Доватор поджал губы и, шевельнув под буркой плечами, резким движением отбросил полы, зацепив большие пальцы за жесткие края поясного ремня. Руки мелко и напряженно дрожали. Ему только теперь стал понятен смысл полученной утром анонимной записки:
«Товарищ генерал!
Вас любят и уважают все кавалеристы. Вас, наверное, знает товарищ Сталин. Напишите ему письмо. У нас сердце обливается кровью, что мы отходим и отдаем нашу землю проклятому фашисту...» Далее анонимный автор предлагал не отходить, а бороться до последней капли крови.
Доватор увел Буслова к себе на квартиру и, развернув карту, терпеливо начал разъяснять ему, что немцы прорвали фронт и стремятся захватить Москву. На участки прорыва они стягивают большие силы, которые трудно сдержать. Там идут жесточайшие бои.
— А почему пехота и мы идем куда-то? Надо подсобить, — упорствовал Буслов.
— Мы планомерно отходим. Нельзя оголять этот участок. Командование сохраняет силы для решительной схватки.
— Это верно, тогда и тут немцы могут хлынуть.
— Безусловно, могут.
Под конец убежденный во всем Буслов снова вернулся к просьбе о своем друге. Выслушав его, Доватор сказал:
— Ладно. Оставляю. Только предупреждаю, что все эти нелепые выходки надо прекратить. Наказывать буду.
В сущности говоря, Лев Михайлович никуда отправлять Шаповаленко не собирался, но острастку следовало дать.
Буслов ушел от генерала успокоенный, довольный тем, что ему удалось во-время заступиться за товарища.
Но не успокоился на этом Доватор. Он знал, что большинство бойцов и командиров внутренне подавлены стремительным отходом наших войск. Молчаливый и настороженный укор заметен и в глазах местных жителей, измученных бомбежками и неизвестностью. Многие колхозники не верили, что враг придет к ним сюда. Поэтому и своевременно не эвакуировались. А сейчас чудовище войны надвигалось на их родные очаги, уничтожало все добытое великим созидательным трудом.
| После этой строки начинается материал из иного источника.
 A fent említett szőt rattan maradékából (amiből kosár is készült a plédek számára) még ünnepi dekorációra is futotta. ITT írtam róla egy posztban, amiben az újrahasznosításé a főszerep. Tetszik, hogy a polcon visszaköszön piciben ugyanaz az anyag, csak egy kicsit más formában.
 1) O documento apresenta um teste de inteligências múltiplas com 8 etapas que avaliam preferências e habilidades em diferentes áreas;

Вечерело. Запад погнал из-за леса темносерые клубящиеся, похожие на дым мрачные тучи. Гулко содрогалась земля. Тяжелый грохот артиллерийского боя доносился все ближе и ближе... Казалось, что природа затихла, примирилась со скрежетом металла и зловещим воем бомбардировщиков. Но не примирились с этим люди. Они мужественно и стойко переносили тяжесть военной страды и продолжали делать свое трудное дело.
Постояв у окна, Доватор выплел в переднюю и приказал адъютанту позвать начальника политотдела полкового комиссара Уварова и военкома Михаила Павловича Шубина.
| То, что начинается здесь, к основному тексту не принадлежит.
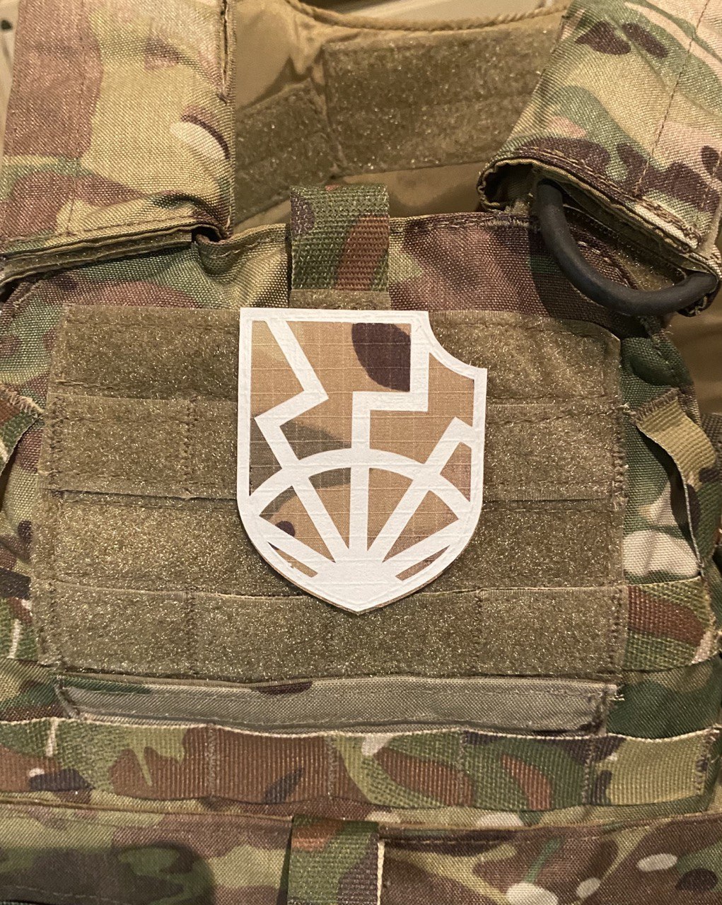 Морал патч «Black Sun Division» Multicam/люмінофор в формі геральдичного щита з зображенням фрагмента Чорного Сонця.
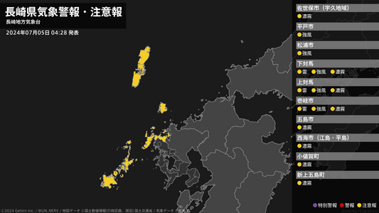 【長崎県 気象警報・注意報 2024年07月05日 04:28】北部、壱岐・対馬では、強風に注意してください。壱岐・対馬では、急な強い雨や落雷に注意してください。壱岐・対馬、五島では、濃霧による視程障害に注意してください。#気象警報注意報 #長崎県
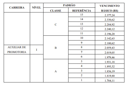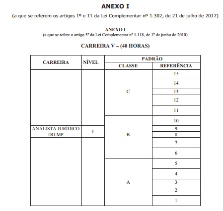 Artigo 12 - Os cargos existentes de Analista de Promotoria I (Assistente Jurídico) ficarão reestruturados a partir de 1º de agosto de 2017, alterando-se a denominação para Analista Jurídico do Ministério Público e enquadrados, mantida a correlação entre os padrões vigentes em 31 de julho de 2017, na Carreira V do Quadro de Pessoal do Ministério Público do Estado de São Paulo.
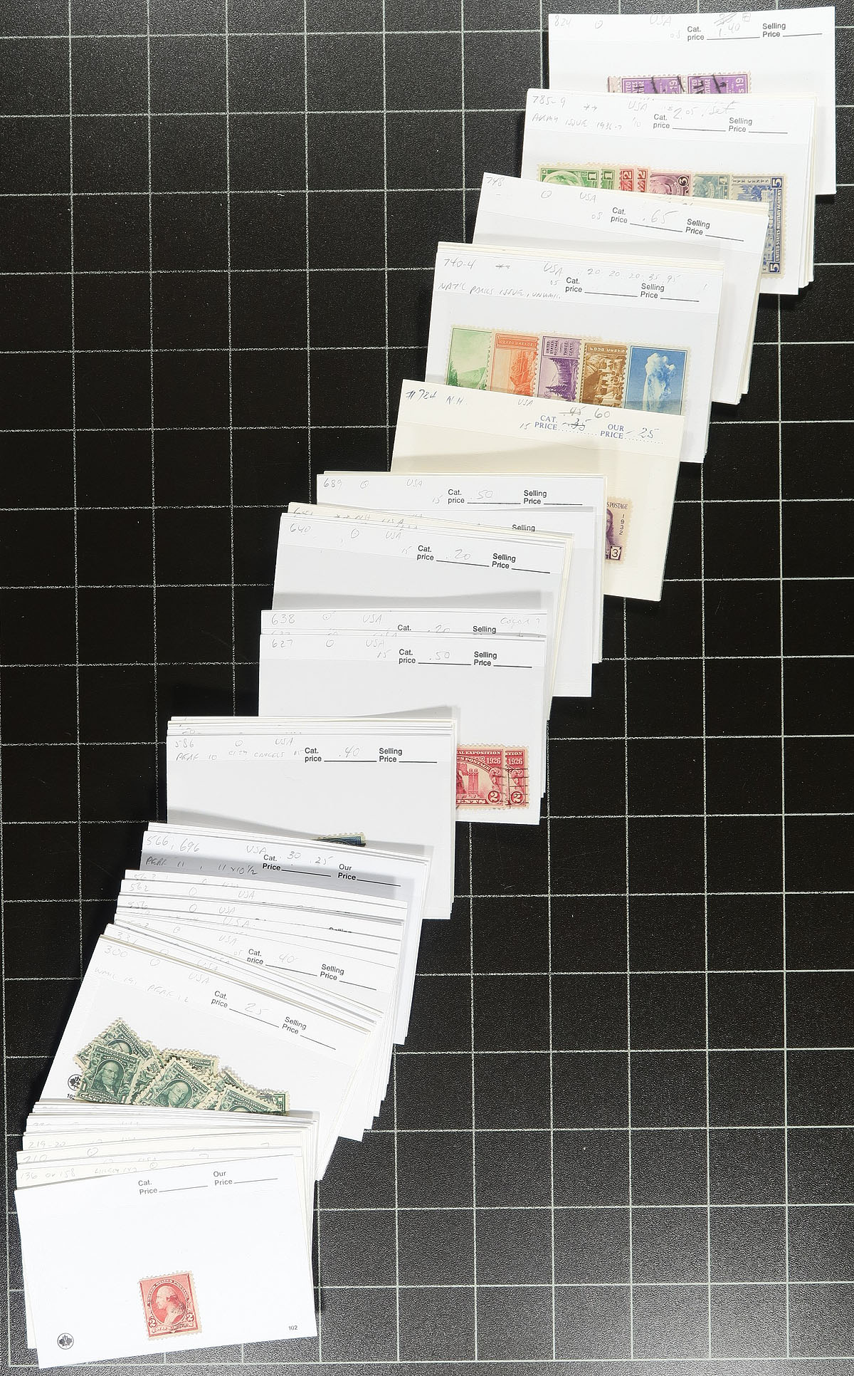 Lot of a few thousand primarily used worldwide stamps in roughly 1,000x 102 dealer cards, with material generally ranging from the 1900's to 1960's, with some material possible on either side of the given range. All the cards have been identified using Scott numbers and have older catalogue pricing, noting Great Britain and a few Commonwealth countries, some worldwide material and topicals (ships and planes stamps). Some of the better singles and sets have been identified by the owner with a tab, noting a few cataloguing in the $5 to $10 and up range. Stamps generally range from 1 to 5 per card. A fairly well organized lot which could have a few surprises. Estimate =

— Вот и отлично! Сейчас насчет чая сообразим! — возбужденно проговорил Лев Михайлович, когда пришли политработники. Он часто вставал со стула, заглядывал в окно, несколько раз прошелся из угла в угол, зябко пожимая плечами.
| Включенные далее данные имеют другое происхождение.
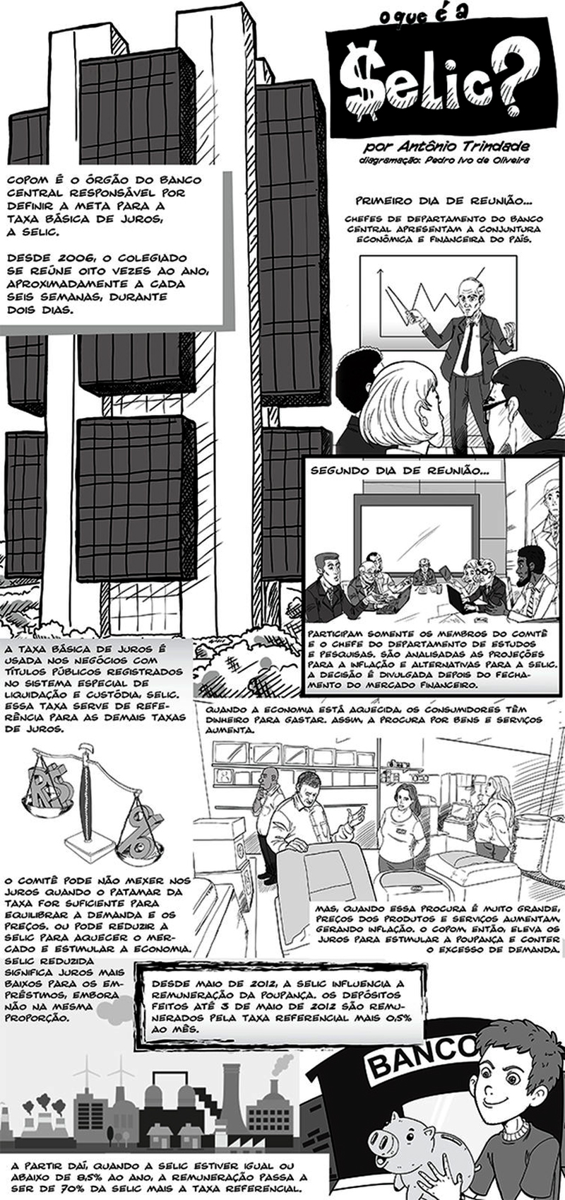 A taxa básica de juros é usada nas negociações de títulos públicos no Sistema Especial de Liquidação e Custódia (Selic) e serve de referência para as demais taxas de juros da economia. Ao reajustá-la para cima, o Banco Central segura o excesso de demanda que pressiona os preços, porque juros mais altos encarecem o crédito e estimulam a poupança.
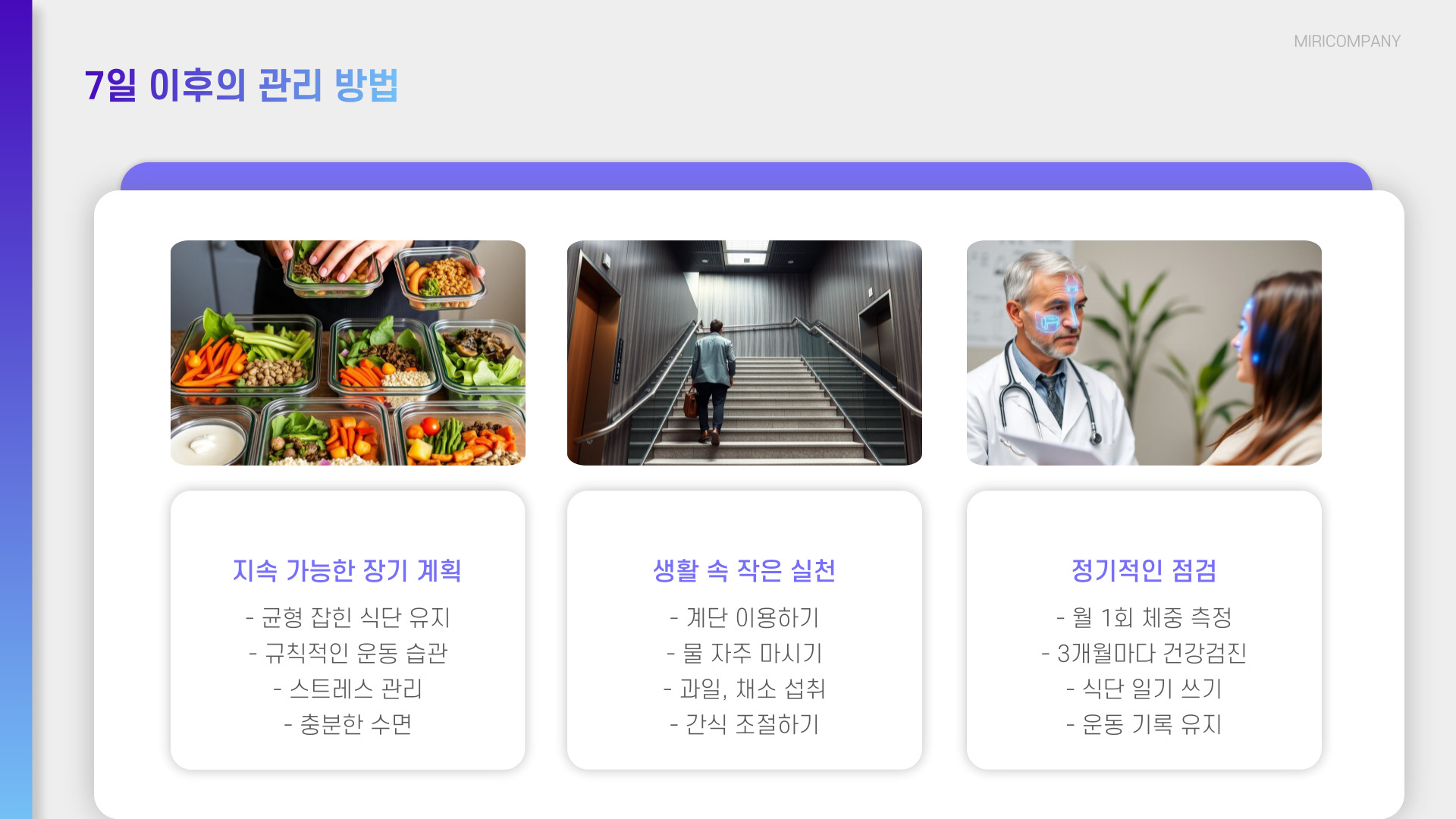 이 과정을 통해 희망적인 변화를 경험했다면, 더 긴 기간 동안 이 생활습관을 지속하도록 노력해보세요. 꾸준함이 가장 중요한 성공의 열쇠입니다.

— Только за этим и пригласил? — поудобнее устраиваясь на пружинном диване, улыбаясь, спросил Шубин.
Он видел, что генерал чем-то расстроен и пытается скрыть это...
— Нет, не за этим! — решительно и веско ответил Доватор. — Ну, а если есть возможность, почему не выпить и чайку? За стаканом хороший разговор получается! Откровенный такой, домашний.
—Отвыкли уж по-домашнему разговаривать, — заметил высокий белокурый Уваров, наблюдая за Доватором ясными голубыми глазами.
— А я вот никак не могу отвыкнуть, — задумчиво отозвался Шубин. — Мне часто хочется поговорить не языком уставов, а простыми задушевными словами.
— Да, это верно! — после минутного размышления заговорил Доватор, — одним по-настоящему хорошим словом можно глубоко затронуть человека... Сейчас нам, как никогда, нужны такие слова! — горячо продолжал он. — Знаете, товарищи, я сегодня получил записку... Меня спрашивают, почему мы отходим без боев, оставляем противнику огромную территорию. Эти же слова только сейчас повторил разведчик Буслов. Почему нормально не совершаем марши, а бежим, скачем? Кони измучены, начинают хромать, подков нет, с воздуха сыплется на головы горячий металл, а тут снова приказ на длительный марш с самыми жесткими сроками! Вы понимаете, какая ответственность лежит на всех нас?.. Поэтому я и пригласил вас для домашнего разговора за стаканом чаю...
— Мне кажется, что надо во всех подразделениях провести открытые партийные собрания, — медленно и вдумчиво начал Уваров. — Разъяснить всем бойцам и командирам, что мы временно оставляем нашу территорию, и не скрывать, что фашисты, не считаясь с потерями, стремятся захватить нашу столицу Москву. Но этого никогда не будет!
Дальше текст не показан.